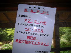 | 緑に包まれ、上質の湯に包まれ、いつまでも入っていたい〜と、長湯を決め込みたいところだったのですが、アブがすごい。湯舟の縁にアブたたきがあって防戦に大わらわ。奮闘むなしく一箇所刺されてしまいました。 |
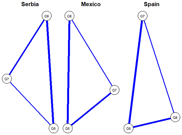 As a complementary part of the study, a network analysis was performed to explore the strength and structure of the relationships between the dimensions in the participating countries. Figure 4 shows the networks generated for Serbia, Mexico, and Spain, where the thickness of the edges represents the magnitude of the correlation between dimensions, and the color of the edges reflects the type of relationship: blue for positive relationships and red for negative ones. In all cases, a fully connected network with three nodes and three edges is observed, implying maximum density within the reduced model, with no negative links present.
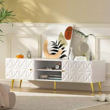 The all-white finish combined with elegant gold accents not only adds a touch of glamour but also makes it a perfect fit for various interior styles, from modern to mid-century chic. The sturdy construction, made from certified quality MDF, ensures durability and stability, supporting TVs up to 65 inches effortlessly. Plus, the addition of 4 solid legs and an adjustable support leg guarantees a strong base that reassures your family’s safety with its anti-tip devices.
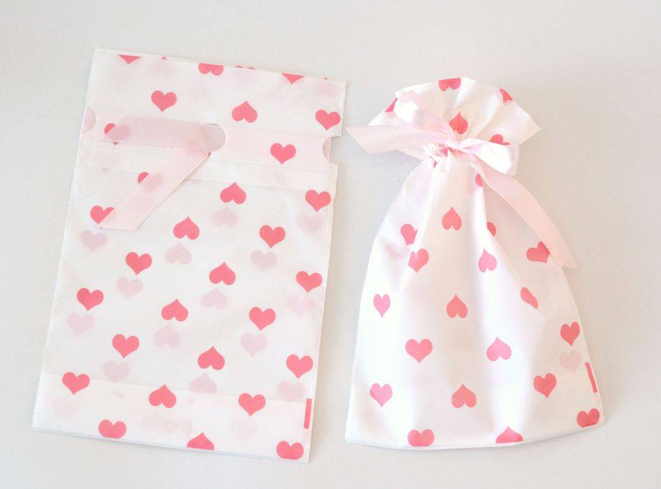 Igelitový sáček bílý s růžovými srdíčky a stahovací atlasovou stuhou. Vhodný k zabalení svíček, mýdel, dekorací, ... Rozměr 15 x 23 cm. Cena za 1 ks.
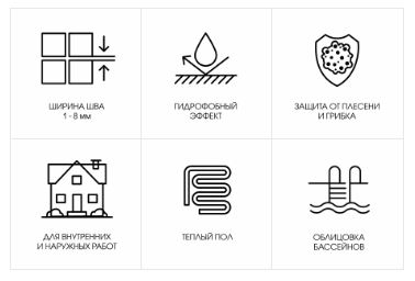 Предназначена для заполнения межплиточных швов в облицовке из керамической плитки, клинкера и керамогранита, натурального камня, стеклянной и керамической мозаики на стенах и полах. Ширина шва от 1 до 8 мм. Высокая водоотталкивающая способность позволяет использовать затирку в отапливаемых и неотапливаемых помещениях с любым уровнем влажности (кухни, туалеты, душевые и ванные комнаты), а также для заполнения швов облицовок в плавательных бассейнах.
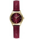 Acier Inoxydable Doré Quartz Ronde 26Mm Fond Bordeaux Bracelet Cuir De Veau Bordeaux
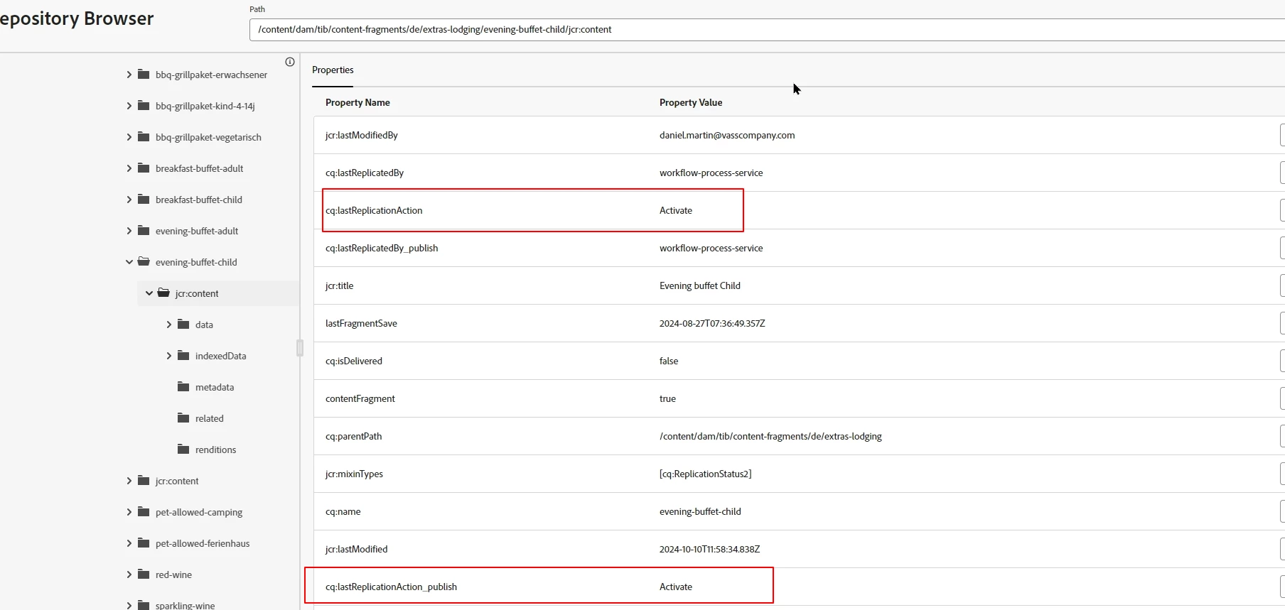 Getting the replication status of a content fragment, problems on publish instance
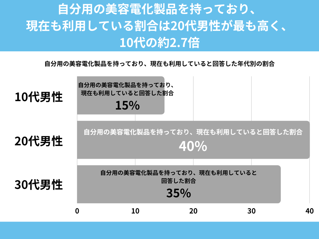 【自分用の美容電化製品を持っており、現在も利用している割合は20代男性が最も高く、10代の約2.7倍】
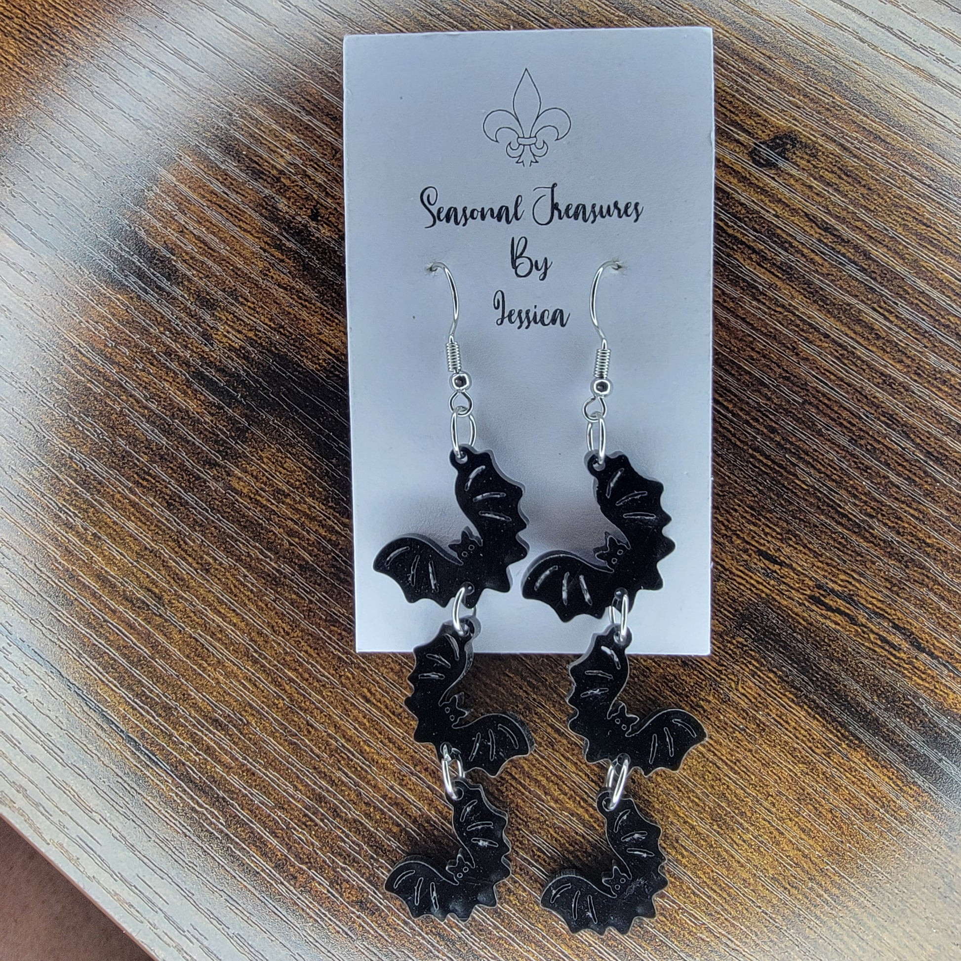 Add a spooky touch to your Halloween look with our bat earrings. Made with high-quality materials, these earrings are perfect for any Halloween party or costume. Stand out with these unique and festive earrings.
☆ ☆ ☆ ☆ ☆ ☆ ☆
▸ What is expected
Return the listing verbatim; pictures are not part of the copy.

▸ Result for this task
 | 緑に包まれ、上質の湯に包まれ、いつまでも入っていたい〜と、長湯を決め込みたいところだったのですが、アブがすごい。湯舟の縁にアブたたきがあって防戦に大わらわ。奮闘むなしく一箇所刺されてしまいました。 |
 As a complementary part of the study, a network analysis was performed to explore the strength and structure of the relationships between the dimensions in the participating countries. Figure 4 shows the networks generated for Serbia, Mexico, and Spain, where the thickness of the edges represents the magnitude of the correlation between dimensions, and the color of the edges reflects the type of relationship: blue for positive relationships and red for negative ones. In all cases, a fully connected network with three nodes and three edges is observed, implying maximum density within the reduced model, with no negative links present.
 The all-white finish combined with elegant gold accents not only adds a touch of glamour but also makes it a perfect fit for various interior styles, from modern to mid-century chic. The sturdy construction, made from certified quality MDF, ensures durability and stability, supporting TVs up to 65 inches effortlessly. Plus, the addition of 4 solid legs and an adjustable support leg guarantees a strong base that reassures your family’s safety with its anti-tip devices.
 Igelitový sáček bílý s růžovými srdíčky a stahovací atlasovou stuhou. Vhodný k zabalení svíček, mýdel, dekorací, ... Rozměr 15 x 23 cm. Cena za 1 ks.
 Предназначена для заполнения межплиточных швов в облицовке из керамической плитки, клинкера и керамогранита, натурального камня, стеклянной и керамической мозаики на стенах и полах. Ширина шва от 1 до 8 мм. Высокая водоотталкивающая способность позволяет использовать затирку в отапливаемых и неотапливаемых помещениях с любым уровнем влажности (кухни, туалеты, душевые и ванные комнаты), а также для заполнения швов облицовок в плавательных бассейнах.
 Acier Inoxydable Doré Quartz Ronde 26Mm Fond Bordeaux Bracelet Cuir De Veau Bordeaux
 Getting the replication status of a content fragment, problems on publish instance
 【自分用の美容電化製品を持っており、現在も利用している割合は20代男性が最も高く、10代の約2.7倍】
 Add a spooky touch to your Halloween look with our bat earrings. Made with high-quality materials, these earrings are perfect for any Halloween party or costume. Stand out with these unique and festive earrings.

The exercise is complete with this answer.